In such a quiet moment, heaven was wedded to earth and I didn't know it. I didn't mark it with words or ceremony. I didn't take a picture. I didn't need to, though. I was living the blessing with someone I loved. And maybe that, in the end, is what life is about.
|Summer 2005, pre-Italy.|
Prayer #205: Beyond the Arch
I watch you walk across the sloping lawn toward the vine-covered archway. You seemed a little nervous when we said goodbye, but now I see your steps grow more confident. Your bum knee isn't giving you as much trouble. Your back is straighter. Your arms swing wider.

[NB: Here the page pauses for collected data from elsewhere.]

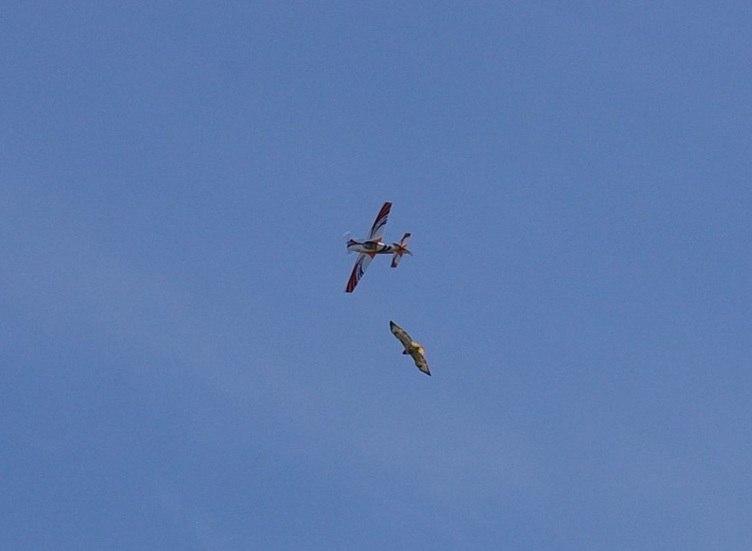 That would certainly be a lot less intimidating than this one was. For size reference the Extra in the photo is 90" span and was closer to the camera than the bird.
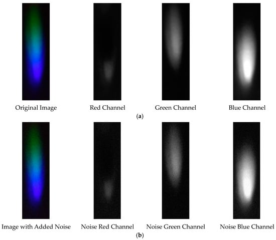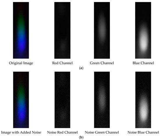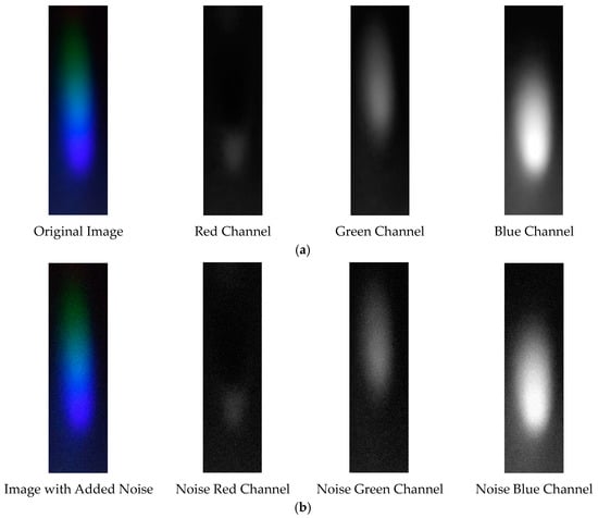 Visible light of 0.0003 g/mL mercury ion solution. (a) Without added Gaussian noise; (b) with added Gaussian noise.
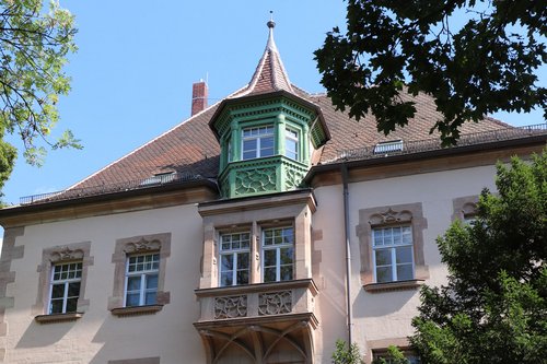 Das i-Tüpfelchen des Hauses ist ein Erkertürmchen im Dachgeschoss. Es wurden, so Kai Maier, viele Farbschichten freigelegt. Die dominierende Farbe war Grün, so dass man sich von Seiten des Denkmalschutzes auch bei dieser Renovierung dazu entschlossen habe, wieder Grün zu verwenden.
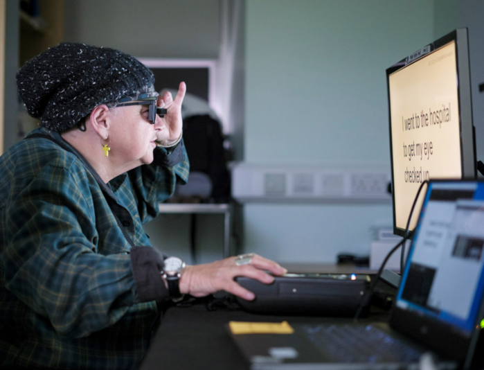 ▲ AMD 환자 쉴라 어바인이 마이크로칩 이식 후 특수 안경을 착용하고 훈련하고 있다. © 무어필즈 안과 병원 |
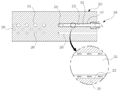 Technical Solution: SABIC has developed an integrated approach to microinjection molding for thermal management that combines specialized materials with process optimization. Their LNP™ THERMOCOMP™ compound portfolio includes thermally conductive materials specifically engineered for microinjection molding, achieving thermal conductivity values up to 25 W/mK while maintaining flow properties suitable for microfeatures with wall thicknesses down to 0.1mm. SABIC's process technology utilizes a specialized screw design with a 24:1 L/D ratio and graduated compression zones that maintain consistent material temperature and prevent thermal degradation of conductive fillers. Their mold technology incorporates conformal cooling channels manufactured through direct metal laser sintering, creating optimized thermal management within the mold itself to ensure dimensional stability of microfeatures. SABIC has pioneered the development of hybrid molding techniques that combine thermally conductive polymers with metal inserts in a single process, creating integrated thermal pathways that reduce thermal resistance by up to 60% compared to assembled components[6]. Their proprietary surface modification technology enhances the wettability of molded microchannels, improving heat transfer efficiency in liquid cooling applications by up to 40%. SABIC's Digital Composites Manufacturing approach enables the precise orientation of thermally conductive fillers during the injection process, creating anisotropic thermal conductivity that can be tailored to specific heat flow requirements.
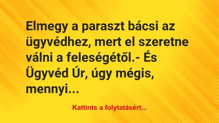 Elmegy a paraszt bácsi az ügyvédhez, mert el szeretne válni a feleségétől.
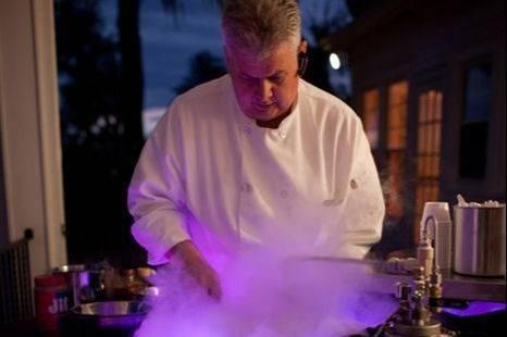 Liquid Nitrogen Ice Cream is created on the spot, directly in front of the guest. We start with high quality cream, add the guest's choice of flavors, and then blast it with liquid nitrogen, which causes beautiful billowing clouds of vapor to emanate from the bowl in spectacular fashion! At -320 degrees Fahrenheit, the liquid nitrogen flash-freezes the ice cream almost instantly, before the ice crystals have the opportunity to grow, creating the creamiest, smoothest ice cream imaginable.
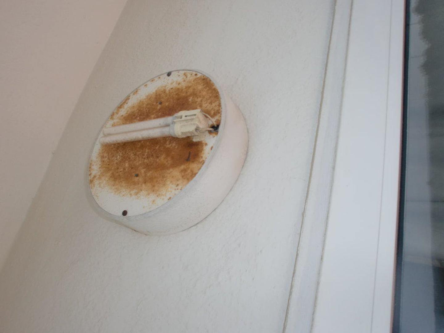 Verrostete Lampe auf dem Balkon

It's selfish of me to want you here, isn't it? As if I didn't have enough of you, as if I won't remember you. But I suppose there are others waiting who have missed you too. They'll be happy to see you, and they'll be happy it took you so long to show up.
Are they holding your hand already, and I just can't tell? Do you hear glasses clinking and people laughing, smell gravy cooking? Are you remembering things you'd forgotten you forgot? Are you learning things you always knew you never knew? Are you feeling things you've felt before, but nothing compared to what they feel like now? Is that why you're walking a little bit faster?
Just before the arch, you turn and wave to me. Your smile catches the late-afternoon sun. I blink, and then you're through it, out of sight, leaving only slight indentations in the grass and a long shadow that hasn't reached me yet.
But one day it will, and then I'll know you again.